[Cyborg] rat brain robots
mrericboyd at yahoo.com
Fri Oct 8 21:54:09 UTC 2010
Thanks for the paper. I too am pretty skeptical, although I do think
they are doing the right thing by having the electrodes there for the
neurons right from the beginning. Maybe they provide enough "structure"
that the neurons can figure something out?
They do say in one of the publicly accessible first pages that the hard
problem is getting the neural net to share your goals, i.e. say you want
it to avoid obstacles, how do you train for that?!?
Skory - do you know if there is any audio or video available from the
talk that you say at CMU? I'd love to listen to that!
On 10/8/10 12:26 AM, Todd Anderson wrote:
> The only paper I can retrieve in full is the ethics article (see
> attached). I haven't read the paper yet - so please forgive the Donny
> Doubting - but I do wonder about cultured neuron experiments in general:
> can we expect neurons thrown together without a developmental wiring
> process (which, for example, would usually lead to 3D connection maps)
> to produce a great amount of computational power? I am quite sure they
> make excellent artwork, as in Stephen Potters work with Symbiotica (at
> the University of Western Australia)!
> On Thu, Oct 7, 2010 at 6:37 AM, Eric Boyd <mrericboyd at yahoo.com
> <mailto:mrericboyd at yahoo.com>> wrote:
> Kevin Warwick has been busy! Apparently they have been culturing rat
> neurons, wiring them up to robots using electrode arrays and bluetooth,
> and figuring out how to train the "rat brain" to drive the robot around!
> Videos show progress as being pretty good!
> The article links three academic papers they have written, but of course
> the full text is behind paywalls. Anyone have access to those journals?

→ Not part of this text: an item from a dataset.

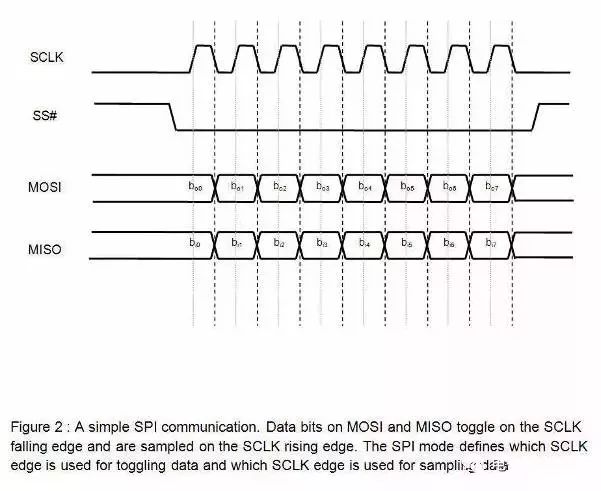 SPI有四種操作模式——模式0、模式1、模式2和模式3,它們的區(qū)別是定義了在時鐘脈沖的哪條邊沿轉(zhuǎn)換(toggles)輸出信號,哪條邊沿采樣輸入信號,還有時鐘脈沖的穩(wěn)定電平值(就是時鐘信號無效時是高還是低)。每種模式由一對參數(shù)刻畫,它們稱為時鐘極(clock polarity)CPOL與時鐘期(clock phase)CPHA。

> Amazingly, Warwick's homepage (kevinwarwick.com
> <http://kevinwarwick.com>) doesn't mention this
> research at all, especially since there are articles from the BBC about
> this from 2 years ago.
> I also found some research by Steve Potter of GATech in 2002, although
> he seems to be focussed on the neural culturing and electrode
> technologies, rather than the cyborg aspects.